Statehouse Live: Senate committee downsizes proposed tax increase

? Smokers got a break on Monday from a Senate committee that snuffed out a proposed cigarette and tobacco product tax increase from its $350 million package to balance the budget.

The Ways and Means Committee recommended a temporary 1-cent increase in the state sales tax and decoupling a state business tax break from federal law.

But from a plan it approved Friday, the committee removed a proposal to increase cigarette taxes by 55 cents per pack, and tobacco products from 10 percent to 40 percent of wholesale.

Ways and Means Chairman Jay Emler, R-Lindsborg, said he hoped removing the cigarette and tobacco tax increase would help the total package gain more votes when it hits the Senate floor on Wednesday.

Several key legislators opposed increasing the cigarette tax from 79 cents per pack to $1.34 per pack, saying it would hurt Kansas businesses because Kansas smokers living near Missouri would buy their cigarettes there because of that state’s low tax rate.

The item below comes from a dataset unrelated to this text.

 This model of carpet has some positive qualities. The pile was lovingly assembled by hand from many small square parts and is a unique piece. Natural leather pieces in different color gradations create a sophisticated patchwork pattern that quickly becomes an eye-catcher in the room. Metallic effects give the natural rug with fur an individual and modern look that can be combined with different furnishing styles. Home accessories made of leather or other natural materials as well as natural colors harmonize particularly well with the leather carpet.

A tax increase that relied mostly on a sales tax component was more acceptable, Emler said. “I’m not saying they like it,” Emler said, adding, “They’re more willing to accept it.”

Under the committee’s new proposal, the state sales tax will increase from 5.3 cents per dollar to 6.3 cents per dollar on July 1, and then decrease to 5.7 cents per dollar on July 1, 2013. At that point, revenue from four-tenths of a cent of the sales tax rate would go toward the state highway plan.

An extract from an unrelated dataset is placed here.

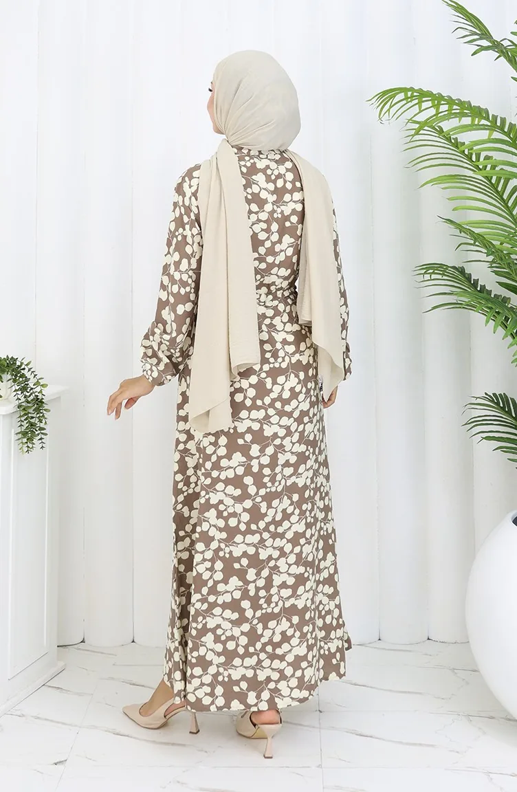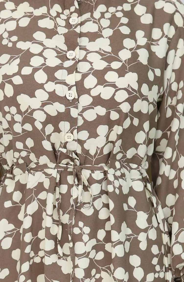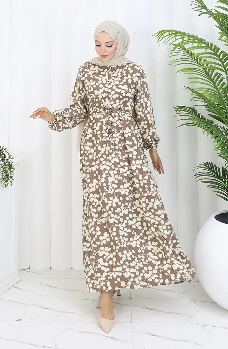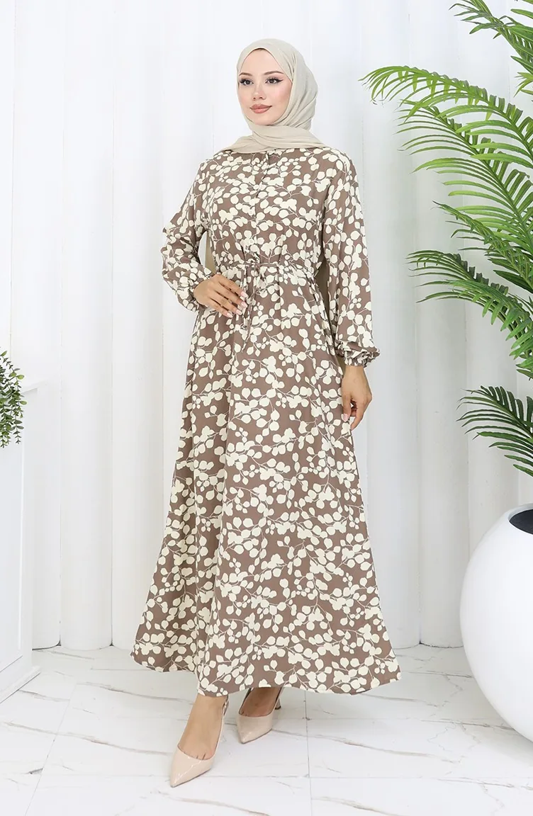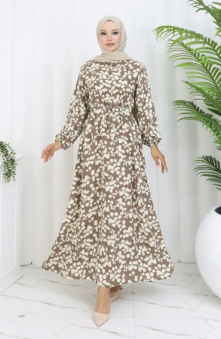 Beli Bağcıklı Desenli Viskon Elbise 2083-03 Vizon

Legislators have been looking for the right moves to balance the budget amid one of the worst revenue drops in Kansas history.

Nearly $1 billion has been cut from what was once a $6.4 billion budget as tax dollars dried up. Still, the state budget faces a nearly $500 million revenue shortfall for the coming fiscal year.

A combination of the proposed tax increase, the hope of additional federal health care funds from Medicaid, and other budget maneuvers would bridge that gap, legislators said Monday.

But some senators were already looking to decrease the proposed tax increase further.

State Sen. Jean Schodorf, R-Wichita, said she would propose an amendment to remove the disallowance of a state portion of a domestic production tax break for business that is worth $17 million per year. “This is a decoupling (from the federal tax break) that will hurt business,” Schodorf said.